◆ Excerpted data ◆
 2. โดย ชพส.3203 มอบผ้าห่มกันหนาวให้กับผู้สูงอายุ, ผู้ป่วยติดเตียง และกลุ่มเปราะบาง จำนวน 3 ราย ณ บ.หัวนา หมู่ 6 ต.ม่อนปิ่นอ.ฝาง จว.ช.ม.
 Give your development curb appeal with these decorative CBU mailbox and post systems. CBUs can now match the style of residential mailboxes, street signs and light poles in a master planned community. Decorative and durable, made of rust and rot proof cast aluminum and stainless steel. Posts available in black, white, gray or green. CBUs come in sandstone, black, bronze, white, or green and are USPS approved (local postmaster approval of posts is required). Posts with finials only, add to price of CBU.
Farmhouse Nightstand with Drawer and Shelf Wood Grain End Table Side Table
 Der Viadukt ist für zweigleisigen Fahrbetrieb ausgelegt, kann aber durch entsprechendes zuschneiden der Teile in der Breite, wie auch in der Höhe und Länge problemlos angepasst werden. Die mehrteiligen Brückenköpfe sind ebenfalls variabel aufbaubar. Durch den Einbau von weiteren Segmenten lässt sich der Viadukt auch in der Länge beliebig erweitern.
==
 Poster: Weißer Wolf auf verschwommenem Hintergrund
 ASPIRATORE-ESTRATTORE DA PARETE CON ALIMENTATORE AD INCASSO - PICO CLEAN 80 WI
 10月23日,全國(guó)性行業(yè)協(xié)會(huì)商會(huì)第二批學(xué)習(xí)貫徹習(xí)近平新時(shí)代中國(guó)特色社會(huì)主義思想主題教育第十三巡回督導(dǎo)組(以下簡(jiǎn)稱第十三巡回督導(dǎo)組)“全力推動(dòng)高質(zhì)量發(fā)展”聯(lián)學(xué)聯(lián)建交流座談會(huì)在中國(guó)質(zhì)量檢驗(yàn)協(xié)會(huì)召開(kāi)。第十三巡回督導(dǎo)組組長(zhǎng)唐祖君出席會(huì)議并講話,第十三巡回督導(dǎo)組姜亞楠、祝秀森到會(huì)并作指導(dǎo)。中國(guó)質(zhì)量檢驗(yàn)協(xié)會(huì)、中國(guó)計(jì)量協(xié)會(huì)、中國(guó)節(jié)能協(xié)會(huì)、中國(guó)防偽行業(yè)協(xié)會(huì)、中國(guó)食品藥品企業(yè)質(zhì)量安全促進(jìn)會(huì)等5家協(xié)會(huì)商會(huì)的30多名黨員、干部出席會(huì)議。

◆ Exercise goal ◆
Set down again, word for word, the stretch of records from the line with "Poster: Weißer Wolf" to the line with "ASPIRATORE-ESTRATTORE DA PARETE", both of those lines included.

◆ Exercise result ◆
 Poster: Weißer Wolf auf verschwommenem Hintergrund
 ASPIRATORE-ESTRATTORE DA PARETE CON ALIMENTATORE AD INCASSO - PICO CLEAN 80 WI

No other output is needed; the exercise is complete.